Hinzu komme, dass der Fall eilbedürftig sei. Sollte der Eigentümer Brandschutzanordnung des Bezirks nicht nachkommen, wird ihm vom Bezirksamt ein Bußgeld von einer halben Million Euro angedroht.
Mehrfach wies das Verwaltungsgericht in seinem Beschluss darauf hin, dass die Position der Polizei in diesem Fall abwegig ist, nicht trägt und zu kurz greift. Für das Justiziariat der Polizei könnte die Blamage größer nicht sein.

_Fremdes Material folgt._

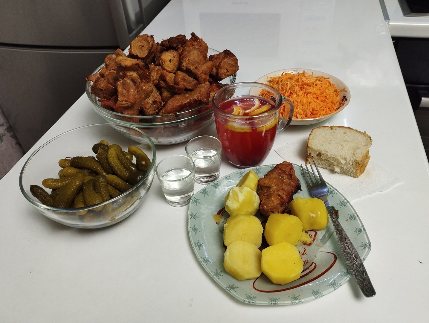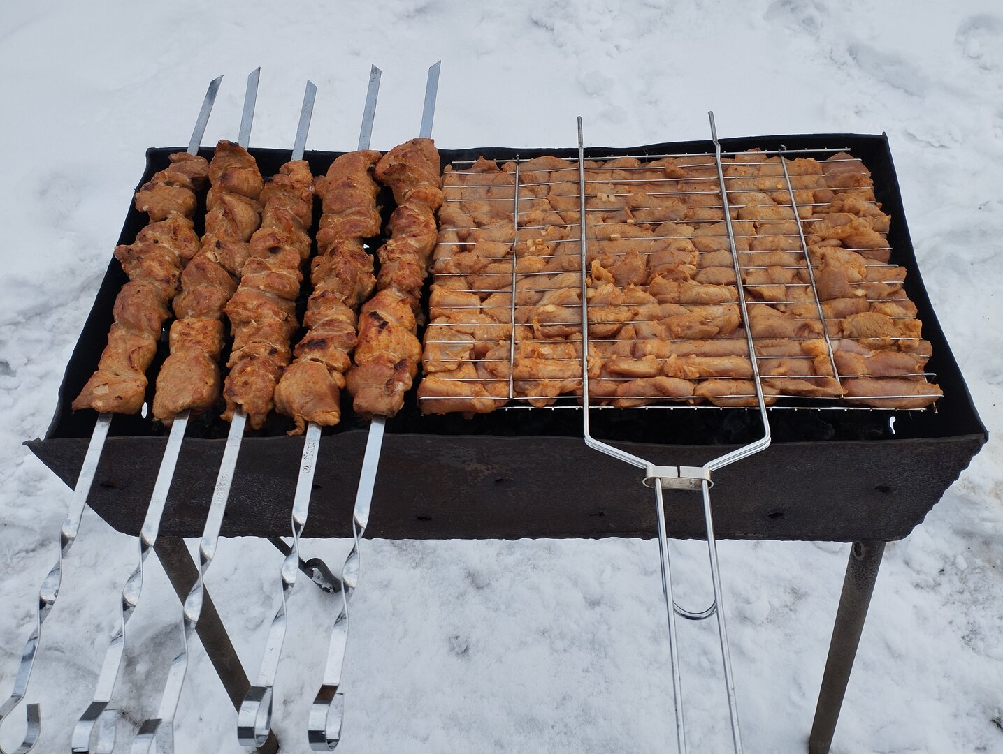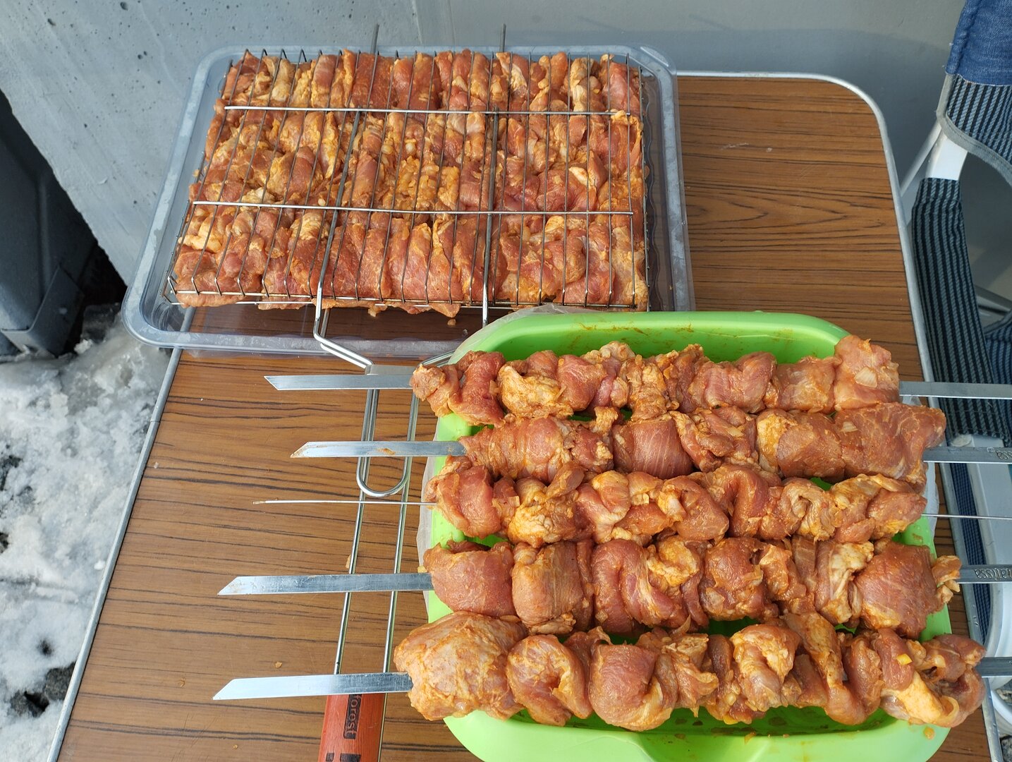 Зная, какая будет погода впереди, решили приготовить мяско, заранее замаринованное.
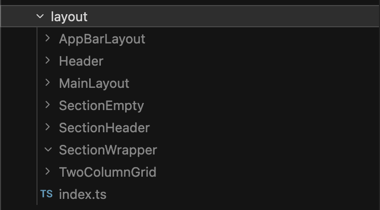 지금 가장 손이 가는 부분은 layout 폴더다. layout이라는 이름 자체가 꽤 넓고 추상적이다 보니, 여러 성격의 컴포넌트가 한 폴더 안에 함께 들어가 있다.
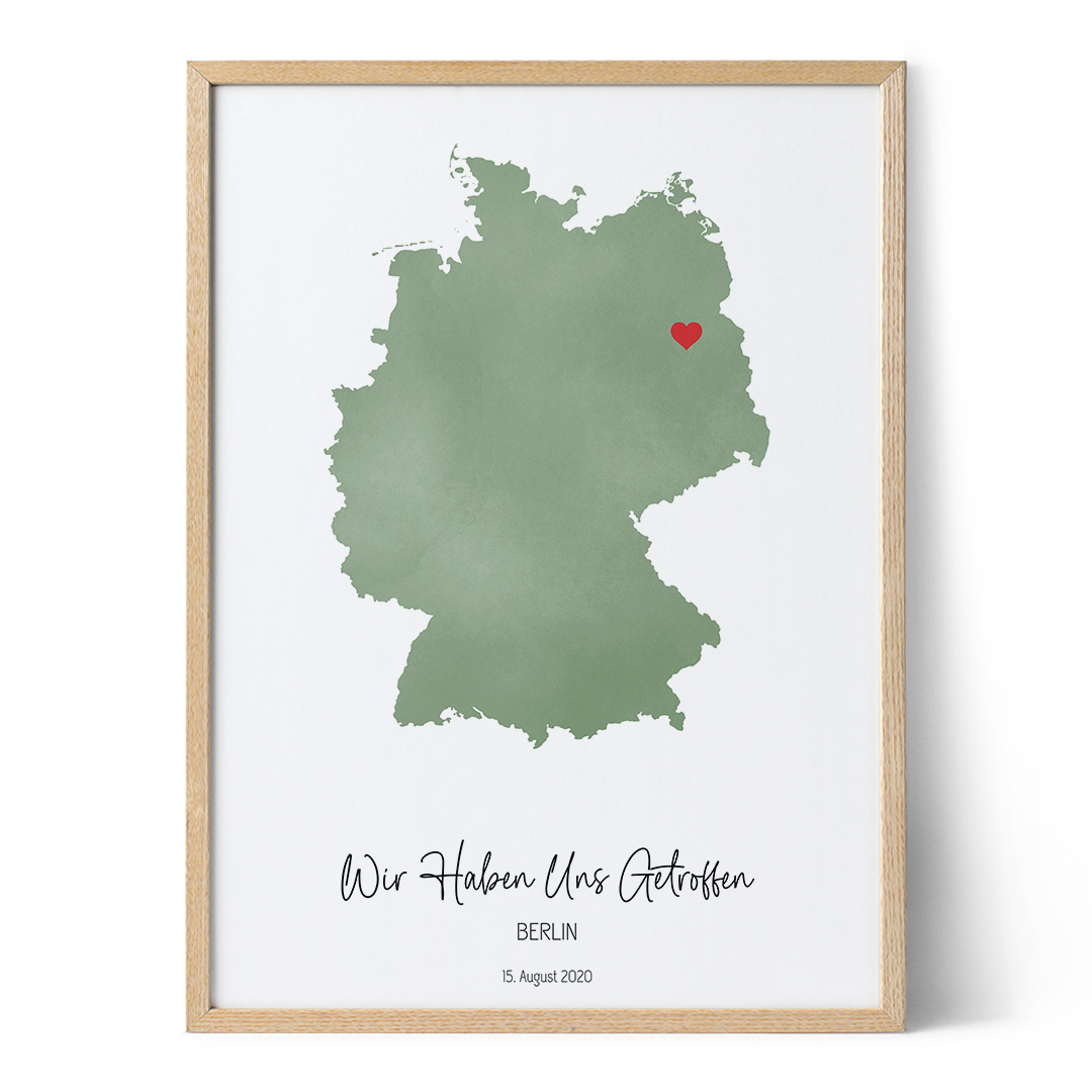 Erweitere dein Geschenkspiel mit unserer Aquarell-Karte „Wo wir uns trafen“. Du hast die kreative Freiheit, eine Karte zu entwerfen, die zu deiner persönlichen Reise passt. Beginne mit der Auswahl aus unseren atemberaubenden Aquarellstilen oder gestalte dein einzigartiges Farbschema ganz nach deinem Geschmack. Wähle als Nächstes das Land, den Staat oder die Stadt aus, in dem sich eure Wege zum ersten Mal gekreuzt haben und markiere es mit einer herzförmigen Stecknadel.
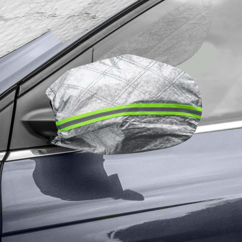 Säkerhetsfunktioner för snösäkert bilskydd: Spegelfickorna har reflekterande remsor som gör din bil lättare att se i mörkt eller snöigt väder, vilket minskar riskerna på parkeringsplatser.
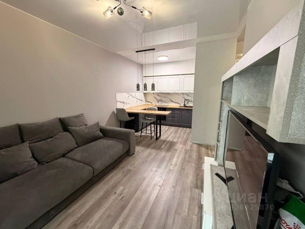 Квартира готова к проживанию - сделан стильный, качественный ремонт. Всё выглядит свежо и аккуратно. Высокие потолки и большие окна наполняют комнату светом.
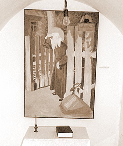 На одну из картин попал старец Николай Гурьянов. Выглядит он вполне реалистично. Всматривается вдаль. Если мысленно продлить его взгляд, то он как раз и упрется в ту самую стенку, в которой «замурованы» большевистские листовки.
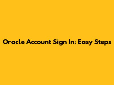 Oracle Account Sign In: Easy Steps
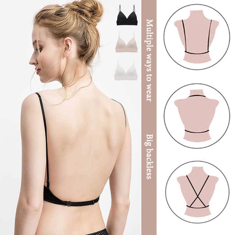 เสื้อชั้นในไร้โครง เนื้อผ้าไมโครไฟเบอร์คุณภาพสูง แบบเปิดหลัง บุฟองน้ำบาง ถอดออกได้ สไตล์เซ็กซี่ สวมใส่ได้หลายวิธี สีดำ สีขาว สีเนื้อ ขนาด S M L
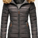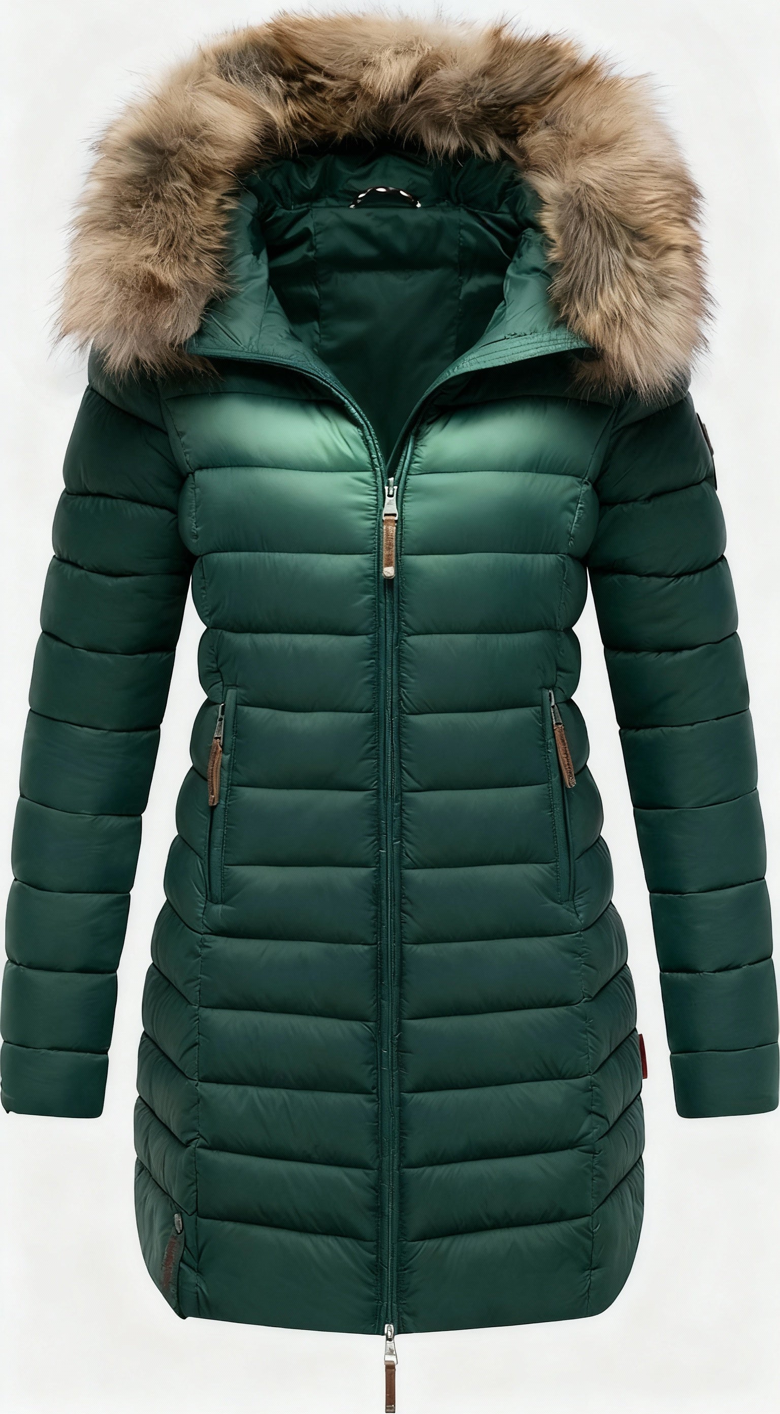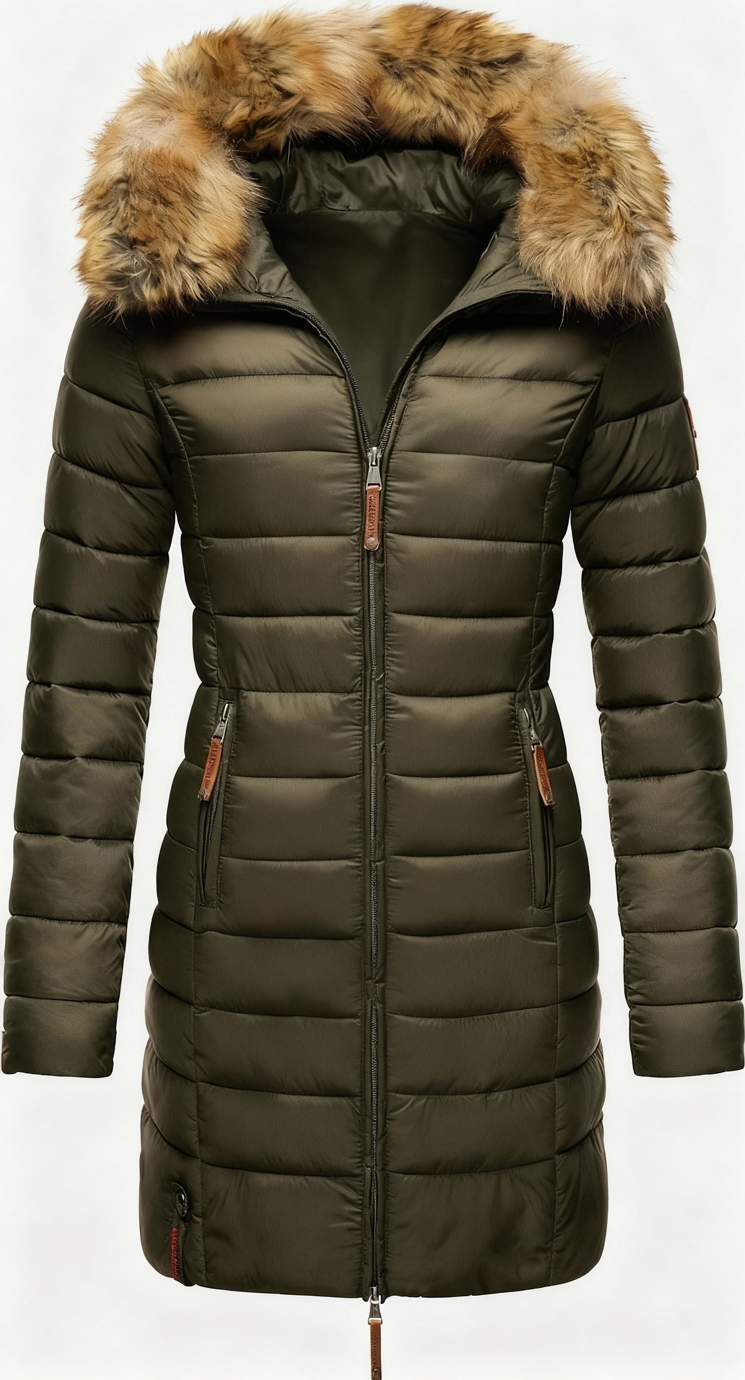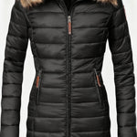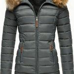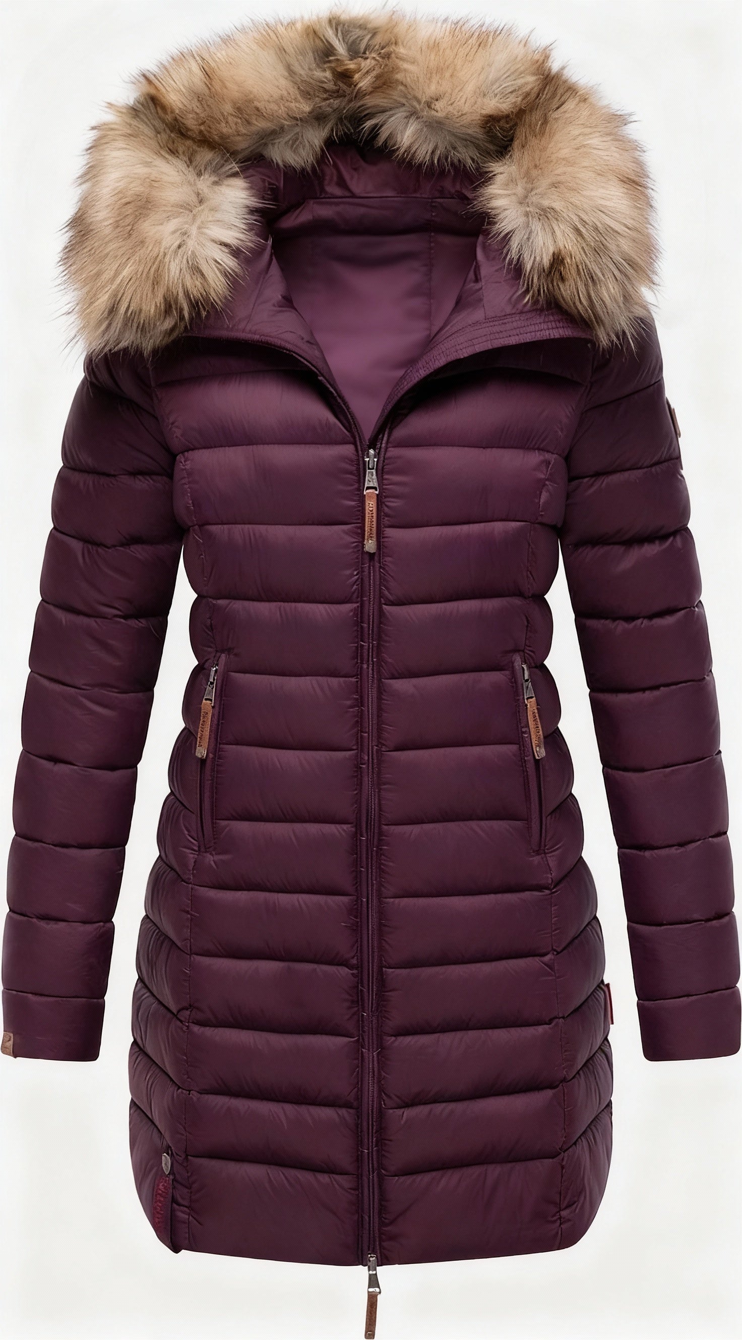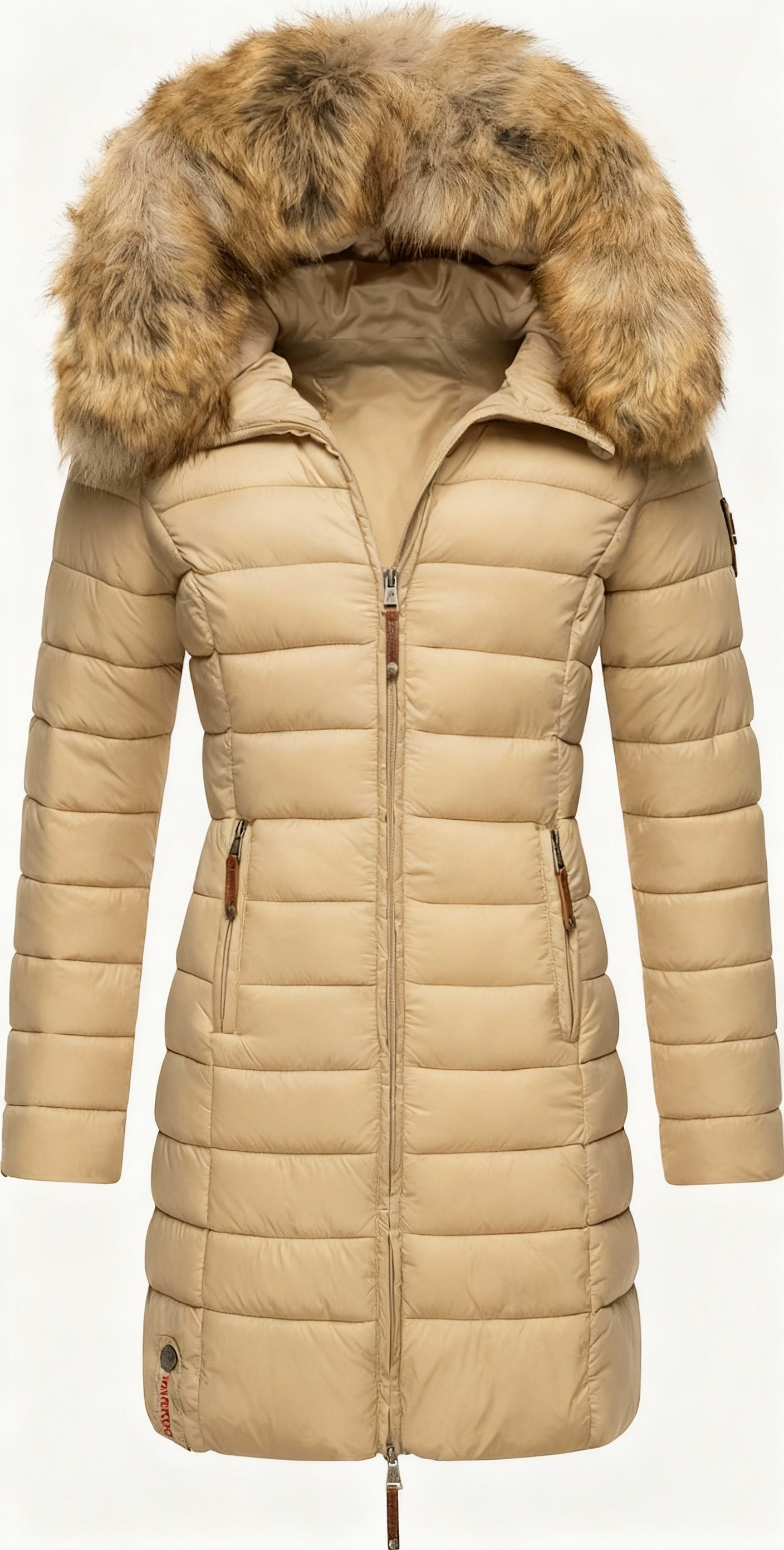 DOMINIKA - Prošívaný kabát s kožešinovou kapucí

Das Gericht hat in seinem 13-seitigen Beschluss detailliert dargelegt, dass die Polizei das Allgemeine Sicherheits- und Ordnungsgesetz (ASOG) des Landes Berlin völlig falsch angewandt hat.
[Tür-Klau im Berliner Besetzerkiez? :Das Geheimnis um die Haustür in der Rigaer Straße 94 – weiterlesen bei Tagesspiegel Plus ]
Politisch brisant: Die Führung um Polizeipräsidentin Barbara Slowik und die Verwaltung von Innensenator Geisel haben sich eng abgestimmt, als das Schutzersuchen abgelehnt worden ist. Ebenso bei den Stellungnahmen an das Verwaltungsgericht.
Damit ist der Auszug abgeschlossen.